■ To do ■
The following entries are to be repeated exactly, and the pictures are to be left behind.

★ ★ ★

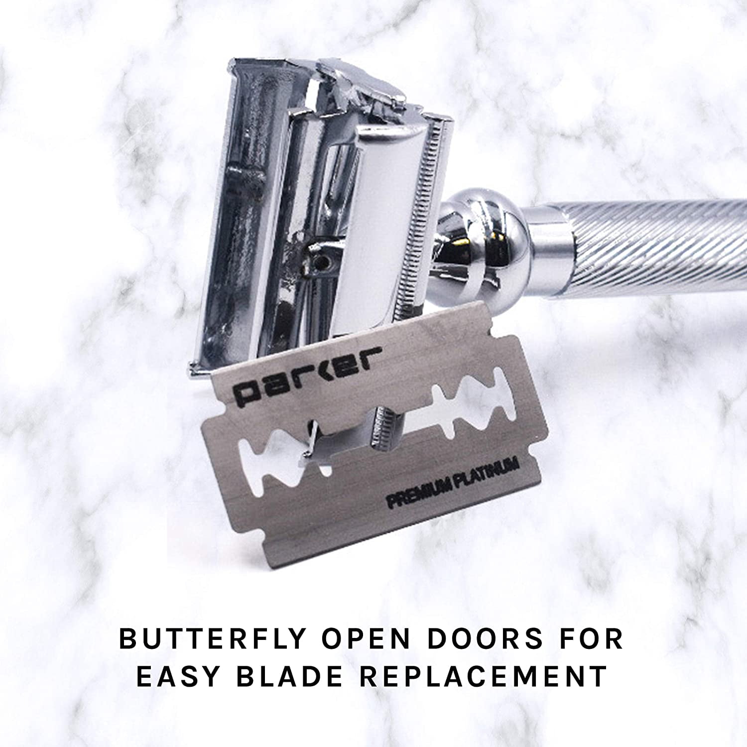 Parker 99R Butterfly Open Double Edge Safety Razor & 5 Double Edge Razor Blades
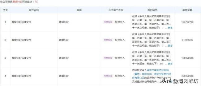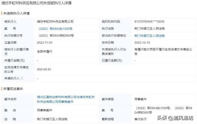 平台显示,潍坊宇虹材料供应有限公司自2022年8月至今已13次因未按时履行法律义务而被法院强制执行,被强制执行额度已达30536804元。
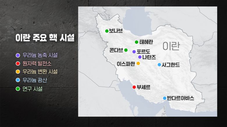 우선 이란의 주요 핵시설이 어디 있는지 살펴보겠습니다. 이번에 가장 큰 공격을 받은 우라늄 농축 시설 나탄즈를 포함을 해서요. 포르도 농축 시설, 부셰르 원자력 발전소 그리고 이스파한 우라늄 변환 시설 등이 있습니다. 그리고 우라늄 광산으로는 사그한드 그리고 반다르아바스, 이런 곳들이 있는데요.
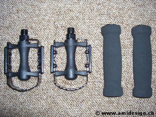 J'ai acheté un vélo d'occasion. Dessus je récupère le tube de pédalier et les supports de freins. Ceux-ci sont soudés au cadre ou à la fourche. Je vais précisément les dégager au disque à tronçonner et les finir à la meule et à la lime.
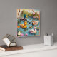"Charming Ducks on Pond" Square Wall Clock
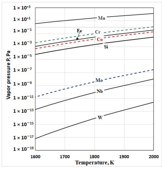 - Within the studied temperature range (1600–2000 K), it is most likely to have evaporation of Mn and Fe. Tungsten and niobium have significantly lower vapor pressures than Co, Cr, and Mo and cannot be removed from the alloy. Si has a vapor pressure close to that of Co and its evaporation is thermodynamically probable, but it will be difficult. Out of the main components of the alloy, the probability of evaporation of Cr is the highest.
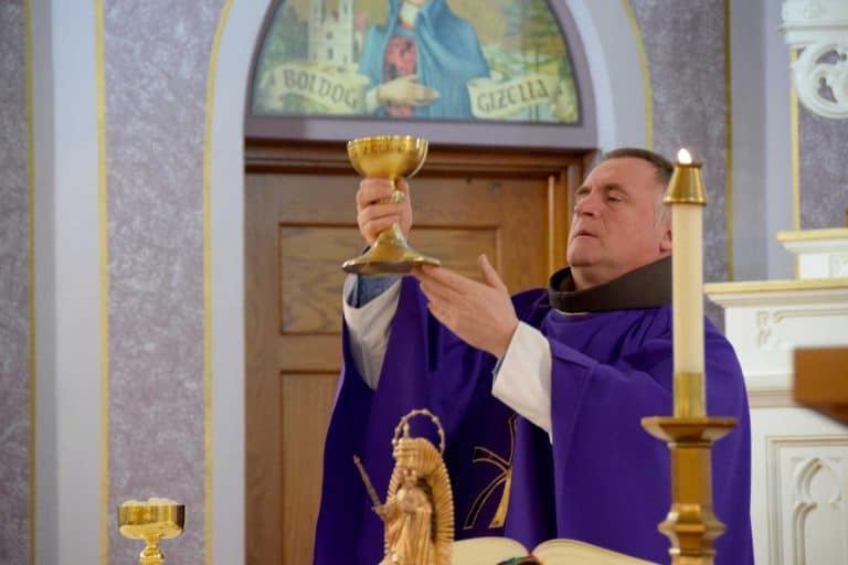 March 22, 2015, became a memorable day for the Cleveland Hungarian community. Father Csaba Böjte, Franciscan priest well known for his charitable work, accompanied by two representatives from the St. Francis Foundation, Dr. Agnes Madarassy and John Csák visited Cleveland, Ohio during their North American tour. They chose St. Emeric Church as the center for the day’s activities, which began with the celebration of Mass at 11 AM. The church was filled to capacity with parishioners, visitors, and guests from the Cleveland area and also from as far as Columbus, Ohio. The Hungarian Scouts also participated, with some members of the Scout Folk Ensemble dressed in the costume of the Szekely region of Transylvania, where Father hails from. Father Csaba’s inspirational homily presented in his unique style focused on the Franciscan’s motto, also known as the prayer of St. Francis, — “Lord, make me an instrument of your peace…” , emphasizing the power of love as Christ taught us when facing challenges and by working together in harmony and peace for the good of others.
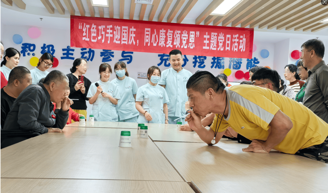 为弘扬爱国主义精神、深化党建与康复业务深度融合、凝聚医患同心力量,在国庆节和中秋节来临之际,新疆长安中医脑病医院党支部第三党小组(康复)特邀新疆尔自治区人民医院康复医学科党支部举办“红色巧手迎国庆,同心康复颂党恩”主题康复活动,以创意康复特色游戏形式,礼赞祖国华诞,书写新时代医患同心、党建共建的温暖篇章。
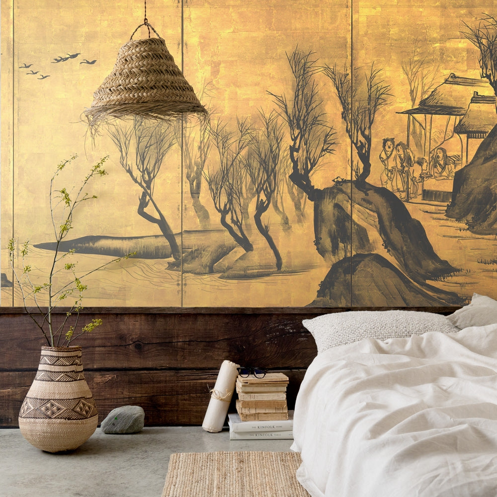 【サンプル】はがせるミューラル壁紙 シールタイプ 長澤蘆雪 山水唐人物図屏風(右隻) TSO-N00073

★ ★ ★

■ Answer to this exercise ■
 Parker 99R Butterfly Open Double Edge Safety Razor & 5 Double Edge Razor Blades
 平台显示,潍坊宇虹材料供应有限公司自2022年8月至今已13次因未按时履行法律义务而被法院强制执行,被强制执行额度已达30536804元。
 우선 이란의 주요 핵시설이 어디 있는지 살펴보겠습니다. 이번에 가장 큰 공격을 받은 우라늄 농축 시설 나탄즈를 포함을 해서요. 포르도 농축 시설, 부셰르 원자력 발전소 그리고 이스파한 우라늄 변환 시설 등이 있습니다. 그리고 우라늄 광산으로는 사그한드 그리고 반다르아바스, 이런 곳들이 있는데요.
 J'ai acheté un vélo d'occasion. Dessus je récupère le tube de pédalier et les supports de freins. Ceux-ci sont soudés au cadre ou à la fourche. Je vais précisément les dégager au disque à tronçonner et les finir à la meule et à la lime.
"Charming Ducks on Pond" Square Wall Clock
 - Within the studied temperature range (1600–2000 K), it is most likely to have evaporation of Mn and Fe. Tungsten and niobium have significantly lower vapor pressures than Co, Cr, and Mo and cannot be removed from the alloy. Si has a vapor pressure close to that of Co and its evaporation is thermodynamically probable, but it will be difficult. Out of the main components of the alloy, the probability of evaporation of Cr is the highest.
 March 22, 2015, became a memorable day for the Cleveland Hungarian community. Father Csaba Böjte, Franciscan priest well known for his charitable work, accompanied by two representatives from the St. Francis Foundation, Dr. Agnes Madarassy and John Csák visited Cleveland, Ohio during their North American tour. They chose St. Emeric Church as the center for the day’s activities, which began with the celebration of Mass at 11 AM. The church was filled to capacity with parishioners, visitors, and guests from the Cleveland area and also from as far as Columbus, Ohio. The Hungarian Scouts also participated, with some members of the Scout Folk Ensemble dressed in the costume of the Szekely region of Transylvania, where Father hails from. Father Csaba’s inspirational homily presented in his unique style focused on the Franciscan’s motto, also known as the prayer of St. Francis, — “Lord, make me an instrument of your peace…” , emphasizing the power of love as Christ taught us when facing challenges and by working together in harmony and peace for the good of others.
 为弘扬爱国主义精神、深化党建与康复业务深度融合、凝聚医患同心力量,在国庆节和中秋节来临之际,新疆长安中医脑病医院党支部第三党小组(康复)特邀新疆尔自治区人民医院康复医学科党支部举办“红色巧手迎国庆,同心康复颂党恩”主题康复活动,以创意康复特色游戏形式,礼赞祖国华诞,书写新时代医患同心、党建共建的温暖篇章。
 【サンプル】はがせるミューラル壁紙 シールタイプ 長澤蘆雪 山水唐人物図屏風(右隻) TSO-N00073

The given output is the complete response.